我正在尝试并行化此代码的 while 循环。
#include <stdio.h>
#include <stdlib.h>
#include <math.h>
#define n 100
float max_dif(float w_new[n][n], float w[n][n]);
int main()
{
int i,j;
float w[n][n],w_new[n][n]={0},max=100;
#pragma omp parallel for private(j)
for (i = 0; i < n; i++)
{
for (j = 0; j < n; j++)
{
w[i][j]=75;
}
}
#pragma omp parallel for
for (i = 0; i < n; i++)
{
w[0][i]=0;
w[n-1][i]=100;
w[i][0]=100;
w[i][n-1]=100;
w_new[0][i]=0;
w_new[n-1][i]=100;
w_new[i][0]=100;
w_new[i][n-1]=100;
}
w[0][n-1]=100;
w_new[0][n-1]=100;
int counter=0;
while(max > 0.0001)
{
for (i = 1; i < n-1; i++)
{
for (j = 1; j < n-1; j++)
{
w_new[i][j]=(float)((w[i+1][j]+w[i-1][j]+w[i][j+1]+w[i][j-1])/4);
}
}
max = max_dif(w_new,w);
for (i = 0; i < n; i++)
{
for (j = 0; j < n; j++)
{
w[i][j]=w_new[i][j];
}
}
counter++;
}
printf("Counter is: %d\n", counter);
return 0;
}
float max_dif(float w_new[n][n], float w[n][n])
{
int i,j;
float max=0;
for (i = 1; i < n-1; i++)
{
for (j = 1; j < n-1; j++)
{
if (max < fabs(w_new[i][j]-w[i][j]))
max = fabs(w_new[i][j]-w[i][j]);
}
}
return max;
}
我当时正在考虑构造的基本并行,但我的计数器变量预计在 5000 左右。
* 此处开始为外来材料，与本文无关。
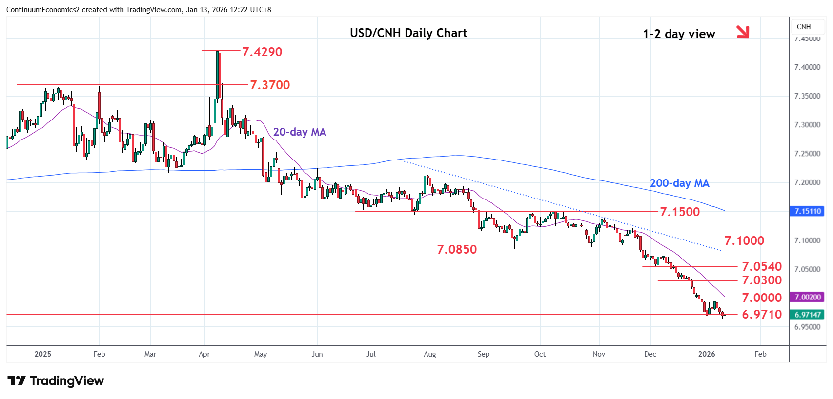 04:35 GMT - Consolidation above 6.9663 low has given way to selling pressure to reach fresh low at 6.9630. Daily and weekly studies remains in oversold area but further losses cannot be ruled out. Lower will further extend losses from the April 2025 year high at 7.4290 and see room for continuation to support at the 6.9500/6.9300 congestion area. Meanwhile, resistance is lowered to the 6.9800 congestion which extend to the 6.9960 high of last week. Would take break of these to ease the downside pressure and see room for corrective bounce to the 7.0300 congestion and strong resistance at 7.0500/40 area.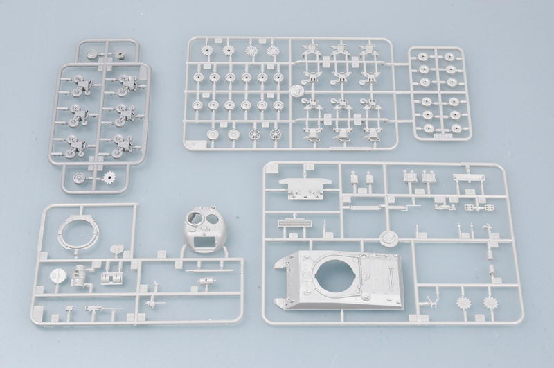 . The M4A3 mostly seen on the battlefield had the hull of a revised 47 degrees glacis armor arrangement and two larger hatches as compared to the old hull.Changes also took place in the prduction run to use a "high bustle turret". T he armor on the right-hand side of the turret was thickened in the casting process to compensate the thinned down inner armor needed to mount the gun equipment. So the turret no longer spotted an added on appliqué armor anymore. The kit faithfully depicted this kind of turret and a choice to build the early hull without the front ventilator blower cover.

所以我希望它是并行的。但是我需要 w_new 复制回 w 以便我可以计算 w_new 的下一次迭代。所以我认为任务或部分不会起作用,因为我需要一个 w 代替另一个。
直接并行化 while(max > 0.0001) 将 复杂 与 OpenMP 并且可能也不那么高效。在 OpenMP 中,您有两种主要的代码并行化方式,使用基于循环的并行化或基于任务的并行化。后者不适合当前代码,前者不能应用于 loop,在编译时无法确定该循环执行的迭代次数。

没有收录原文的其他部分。